Un personaje sobre el que no volví lo suficiente, es el indio chorotega que en la eternidad crece con intermitencias y bisbisea al universo constelado. Aunque Rubén Darío fue muy repudiado por algunos allegados míos en su momento, y después es otro gigante que cabalgará, un atezado mancebo que saca de su hondura y que con el corpachón agreste va rompiendo manecillas y leontinas y otras floridas volutas y linajes. Deseo repetir lo que dije, porque no siempre se tiene de pie en la historia a un hombre cuya ascendente bondad lo convierte en un dios de maíz.

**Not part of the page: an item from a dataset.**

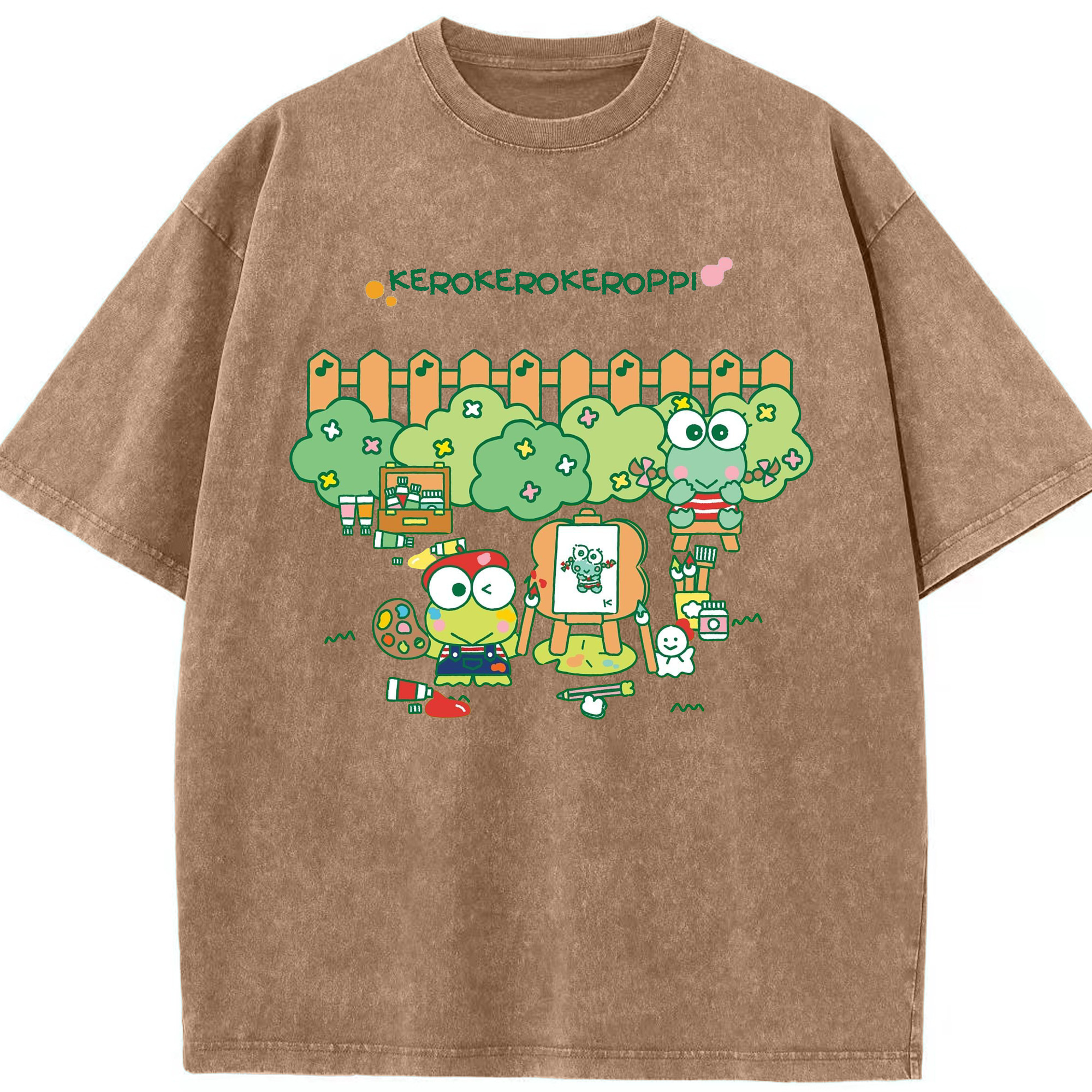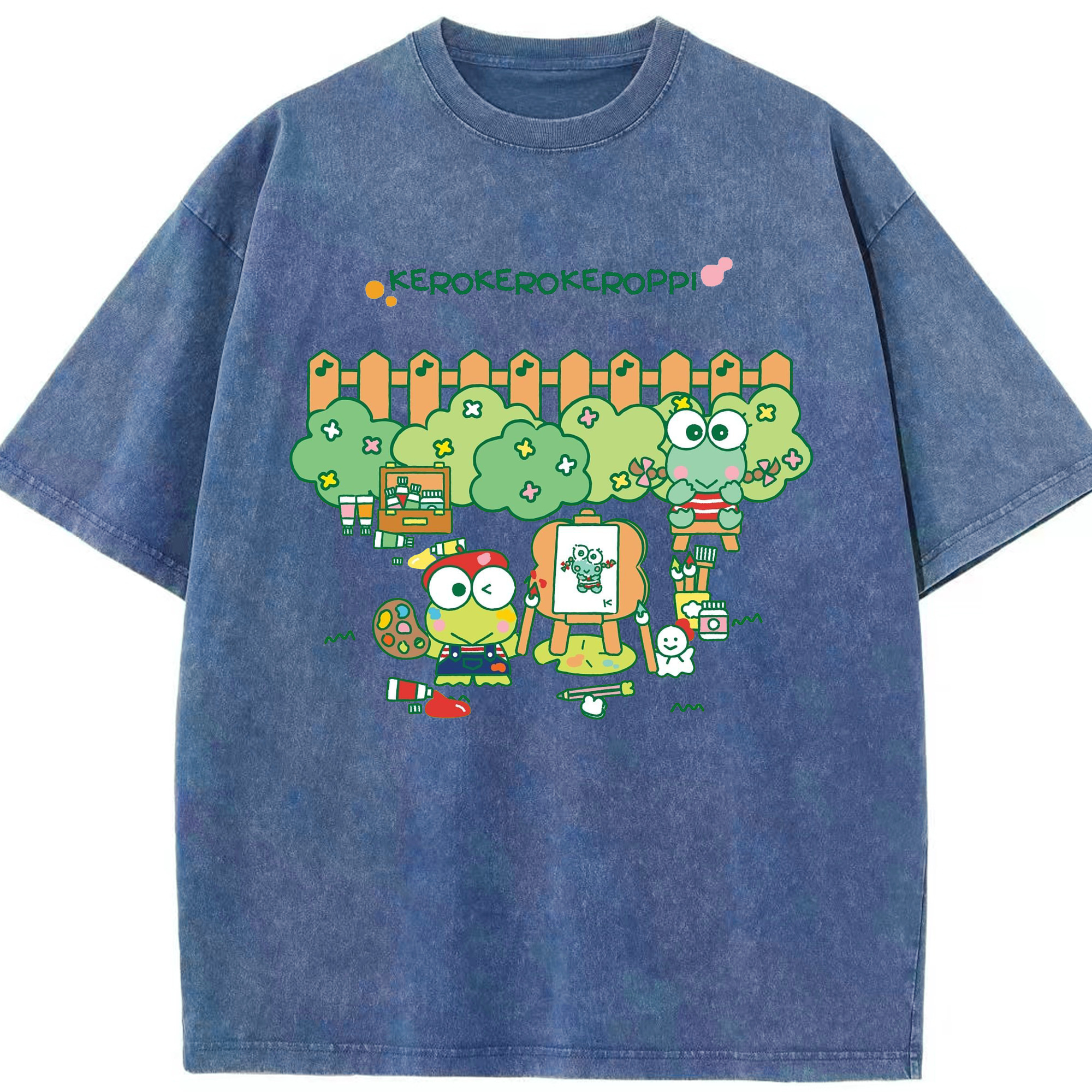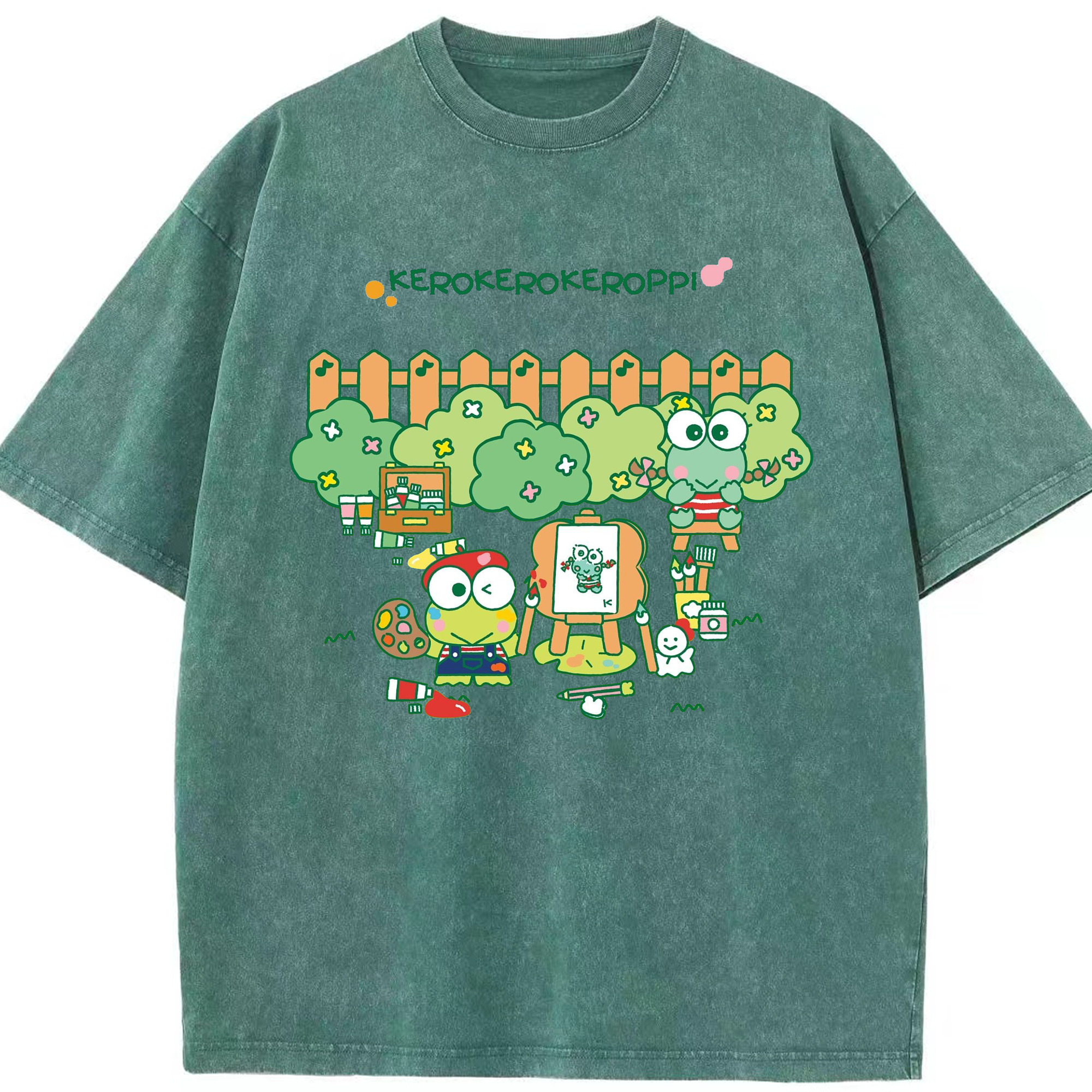 とってもキュートなけろけろけろっぴ - 綿100% 半袖Tシャツ ・ フロントプリント ・ 快適 通気性 ・ 日常使い 散歩 スポーツ用

En mi parapeto lo concibo como un galán rústico y noble, que contempla ensimismados cisnes navegando en sus estanques.
Hay un personaje que daría para más de una lágrima y media decena de novelas. Tengo la visión del poeta atado, caminando intocado entre anónimos guardias civiles que pasan a la Historia luciendo aberrante excrecencias del vestir. El poeta se sabe un blanco invulnerable, un tejido demasiado animal como para que lo perforen las violencias. Avanza no obstante con paso lánguido pero resuelto hacia su muro. Ni blasfemias ni dentelladas en la partida, sino un mirar íntimo al follaje y un oído conectado a los suburbios que luego le van a impedir escuchar los gorjeos del pájaro. Así Lorca es ajusticiado por sus virtudes, cuando la gloria de la poesía se le rendía en plenitud. Muere afortunado y muere afrontando con los dientes, él que más bien se iba en suspiros y pétalos. Su defunción infausta, todavía hoy y rebasadas aquellas pestilencias, huele a naranja, a gitano legítimo, a verdes ramas, aunque perdura también el olor a fuego apagado en la noche por el ángel de las tinieblas.